Apple's special event back in March was star-studded and filled with fresh service announcements, but the slate of new offerings like Apple Card and Apple News+ ultimately underwhelmed investors.
HSBC analysts now say the services will do little to attract new users as Apple grapples with slowing iPhone sales in key markets.
"One fundamental question on services in our minds is 'will they incentivize more consumers to become part of the Apple ecosystem,'" HSBC analysts led by Erwan Rambourg said in a report out Tuesday. "And our short answer is 'no.'"
The London-based bank downgraded Apple from "hold" to "reduce" in its latest warning on the iPhone giant. Rambourg's team began chopping down its expectations for the company back in December amid fears of a slowing iPhone cycle and weakening conditions in China. It issued similarly cautious notes January and February.
Read more: HSBC keeps pounding the table on Apple's slowdown in China
"Services makes ecosystem more sticky but won't necessarily enable Apple to recruit more consumers to iPhone, we feel," the analysts said, adding the newly announced offerings all face stiff competition in their respective industries: banking, streaming, gaming, and news media.
"The likelihood of consumers switching their preference from the likes of Netflix to Apple TV+ remains debatable - particularly given the constrained content offering from Apple."
While some of the debate around Apple's direction has hinged on whether the iPhone maker needs to bulk up its growing service business to offset slowing product sales, products are still the lifeblood of the company.
In the first quarter of this year, services contributed 13% of the company's revenue and 21% of gross profits, HSBC estimated.
HSBC
Apple's troubles go back to the beginning of the year, when CEO Tim Cook warned shareholders the company's holiday quarter was far weaker than previously expected. The announcement rattled investors, and shares plunged by as much as 10% the following day.
Prior to its pre-announcement, Wall Street was already sounding the alarm on slowing iPhone sales as consumers begun replacing their phones at a slower clip and favoring cheaper competitors.
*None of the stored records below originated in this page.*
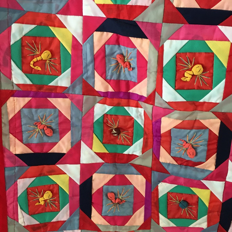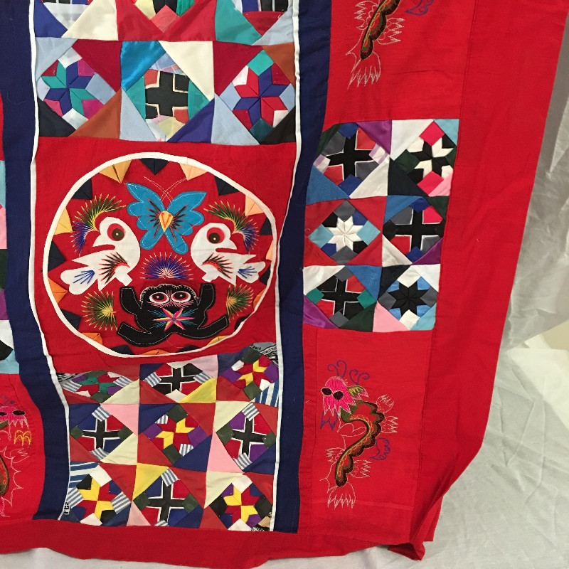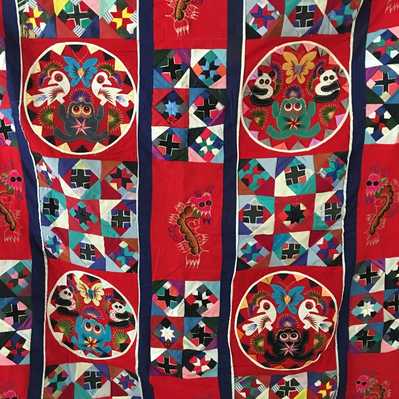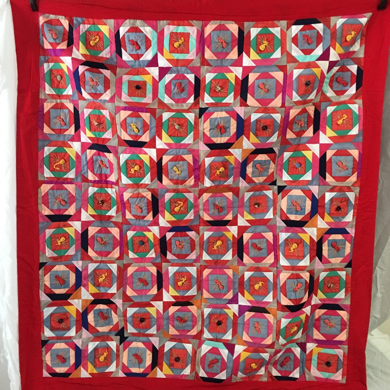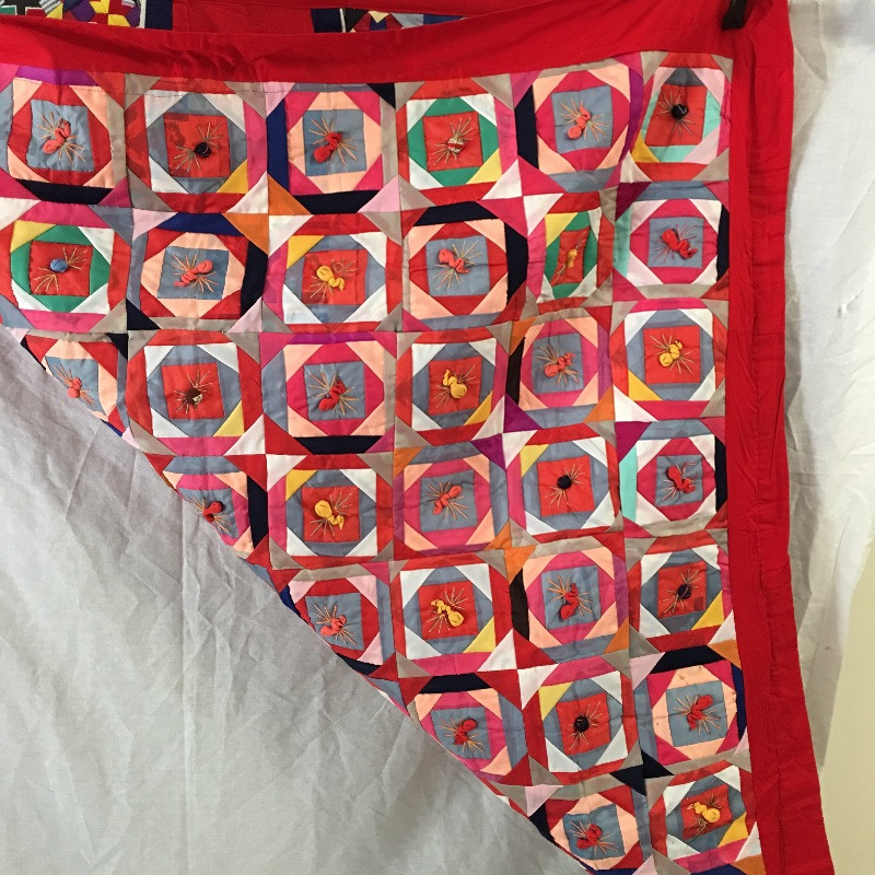 Simply stunning, this red Asian quilt has unique designs on both sides, see images. You won’t want to miss out on this beauty unless you have Arachnophobia. Quilt measures 54” x 60”.
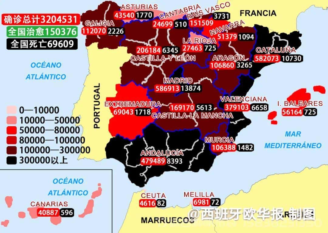 3月1日西班牙24小时内新增1159例确诊患者,马德里(176),卡斯蒂利亚·莱昂(138),阿斯图里亚斯(101),加纳利(96),安达卢西亚(86),瓦伦西亚(79),阿拉贡(64),纳瓦拉(42),坎塔布里亚(39),加利西亚(31),穆尔西亚(26),里奥哈(13),埃斯特雷马杜拉(12),休达(10),梅利亚(5),卡斯蒂利亚拉曼恰(3),加泰罗尼亚(0)。
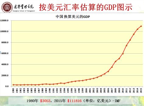美元汇率计算GDP,下图是中国1980年以后中国与美元换算GDP,通过曲线可发现,中国GDP速度增长还不错。从1980年到2015年,GDP平均增长速率为10.84%,平均6.74年翻一番。
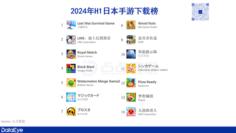 ***14均为带有休闲属*的作品。其中元趣**休闲副玩法+SLG的《Last War:Survival Game》以“轻包重”的模式,三款消除游戏分列2-4位,“合成大西瓜”玩法的《Watermelon Merge Game2》位居第5。
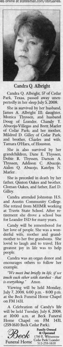 Candra Quinn Oakes (Albright) - Class Of 1967
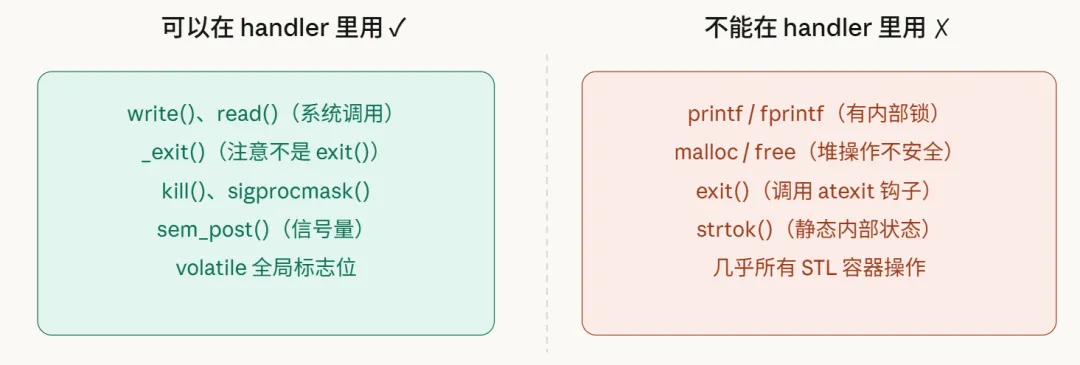 这是面试官最爱问,也是新手开发最容易栽跟头的地方。问题来了:信号可以在任何时间点打断程序,比如,当主线程的printf函数刚执行到一半,正在操作内部缓冲区时,信号来了。此时,如果信号处理函数里又调用了printf,会发生什么?

Still, Apple shares have staged an impressive comeback, with shares up 26% so far this year. However, they are still trading about 14% below their all-time high of $233.47 set in October.
Despite HSBC's rating downgrade on Tuesday, the firm upped its price target from $160 to $180 a share, implying a drop of around 10% from current levels.
Apple is set to report its first-quarter results on April 30.